## BRIEF
Print exactly, and only, the lines from the one that has "Frau im Badeanzug, 1992, vernis" through the end of the material below, with both ends included and the pictures omitted.

## INPUT RECORDS
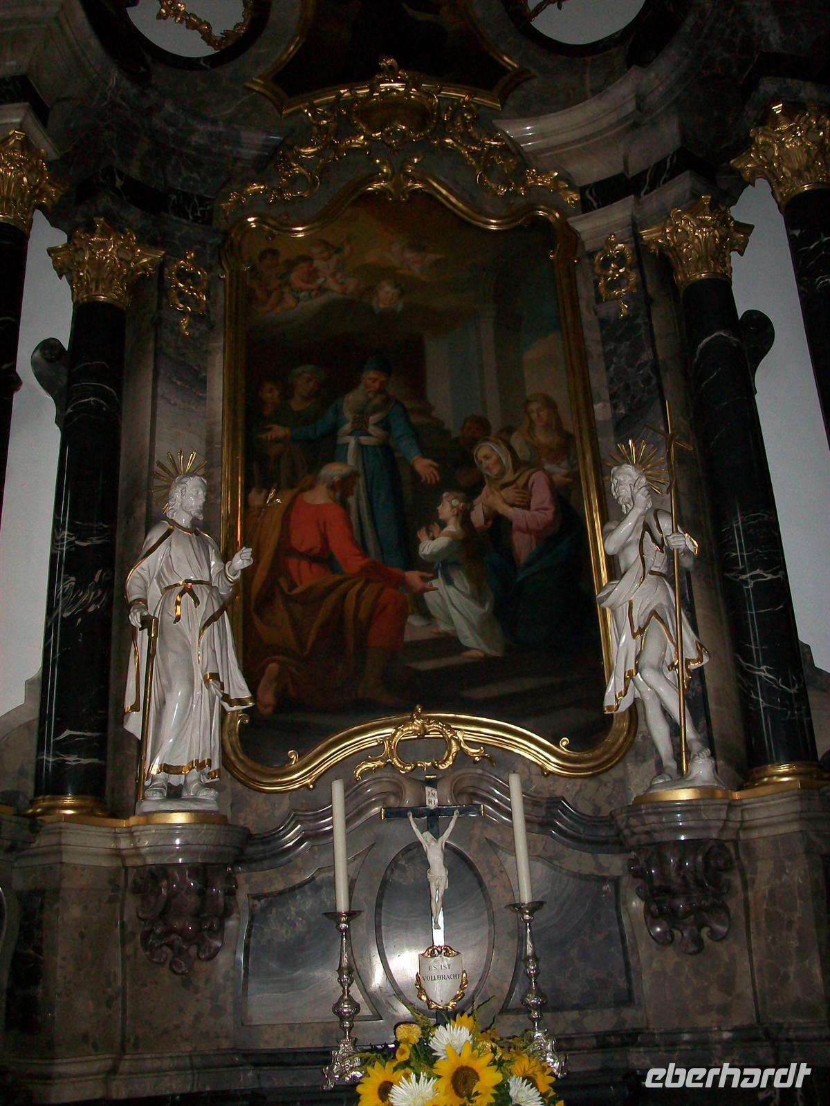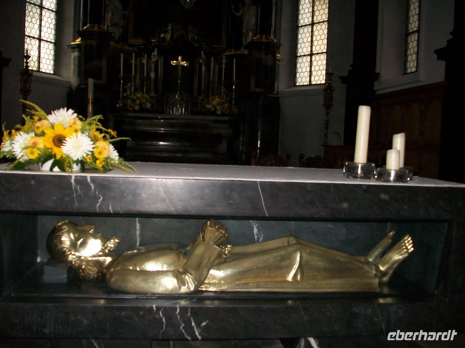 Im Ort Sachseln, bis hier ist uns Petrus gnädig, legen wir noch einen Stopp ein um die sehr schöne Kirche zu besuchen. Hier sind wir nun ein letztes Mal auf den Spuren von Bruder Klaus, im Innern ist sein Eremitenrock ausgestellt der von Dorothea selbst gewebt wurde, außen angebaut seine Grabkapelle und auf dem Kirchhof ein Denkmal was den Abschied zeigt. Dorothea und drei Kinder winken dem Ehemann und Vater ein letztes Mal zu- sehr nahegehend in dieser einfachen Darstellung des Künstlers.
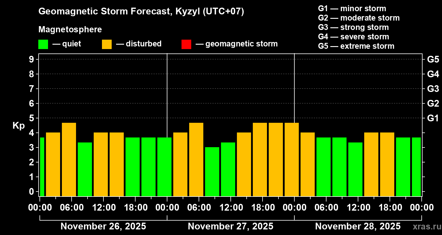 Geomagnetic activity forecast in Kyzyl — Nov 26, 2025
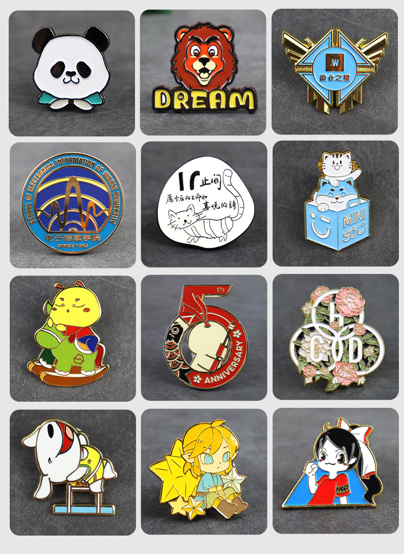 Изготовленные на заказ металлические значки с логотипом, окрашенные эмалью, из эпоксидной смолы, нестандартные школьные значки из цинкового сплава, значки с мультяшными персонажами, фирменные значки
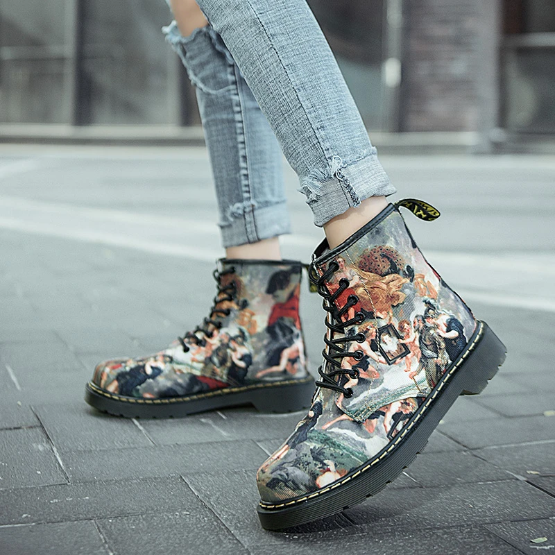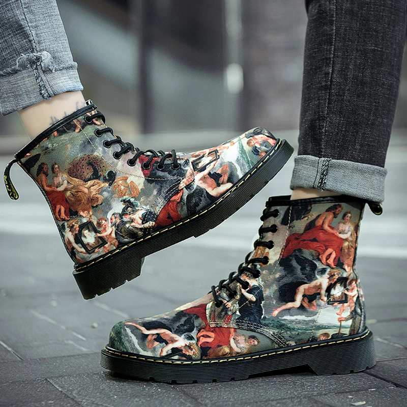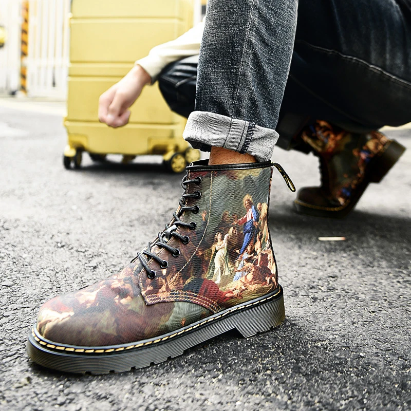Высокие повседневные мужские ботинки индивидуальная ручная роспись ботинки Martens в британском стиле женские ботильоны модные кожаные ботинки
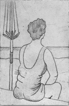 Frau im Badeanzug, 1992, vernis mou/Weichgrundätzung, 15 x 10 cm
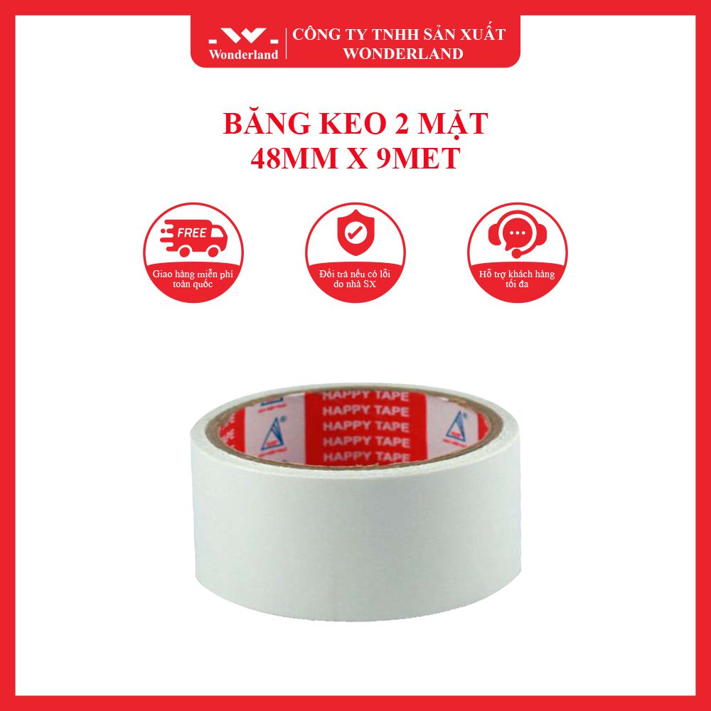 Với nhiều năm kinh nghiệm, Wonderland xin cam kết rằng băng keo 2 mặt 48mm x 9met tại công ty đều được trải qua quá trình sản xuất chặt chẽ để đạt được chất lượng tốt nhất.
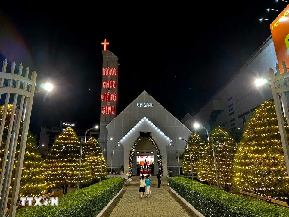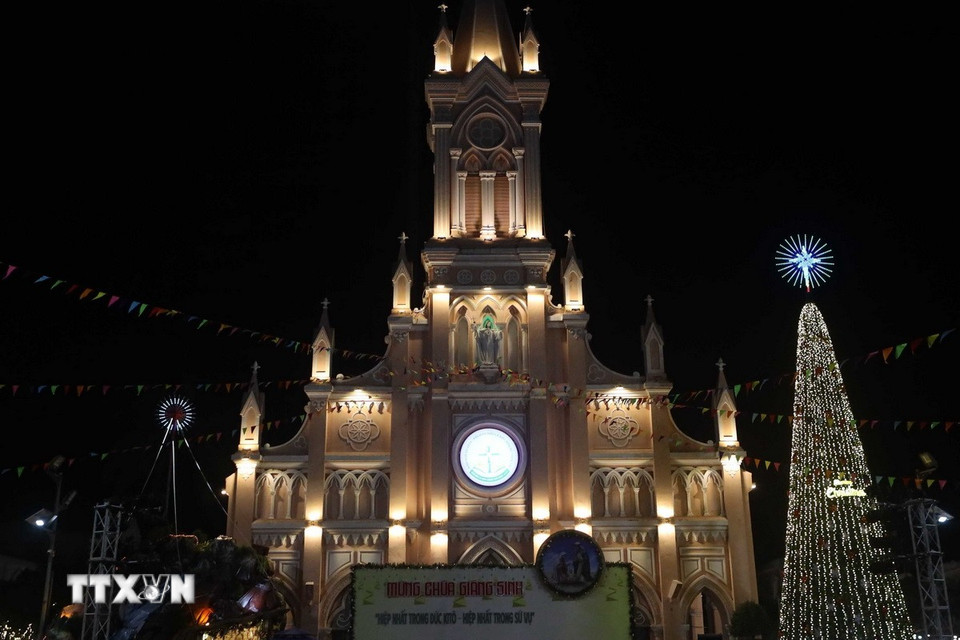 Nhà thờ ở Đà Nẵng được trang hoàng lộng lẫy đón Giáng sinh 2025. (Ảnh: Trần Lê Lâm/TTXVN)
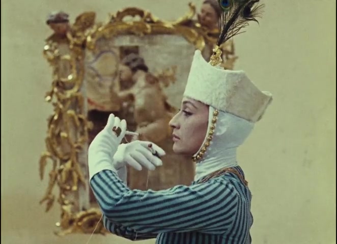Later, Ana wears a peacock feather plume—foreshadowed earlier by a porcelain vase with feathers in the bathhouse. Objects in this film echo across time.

## SOLVED PROBLEM
 Frau im Badeanzug, 1992, vernis mou/Weichgrundätzung, 15 x 10 cm
 Với nhiều năm kinh nghiệm, Wonderland xin cam kết rằng băng keo 2 mặt 48mm x 9met tại công ty đều được trải qua quá trình sản xuất chặt chẽ để đạt được chất lượng tốt nhất.
 Nhà thờ ở Đà Nẵng được trang hoàng lộng lẫy đón Giáng sinh 2025. (Ảnh: Trần Lê Lâm/TTXVN)
Later, Ana wears a peacock feather plume—foreshadowed earlier by a porcelain vase with feathers in the bathhouse. Objects in this film echo across time.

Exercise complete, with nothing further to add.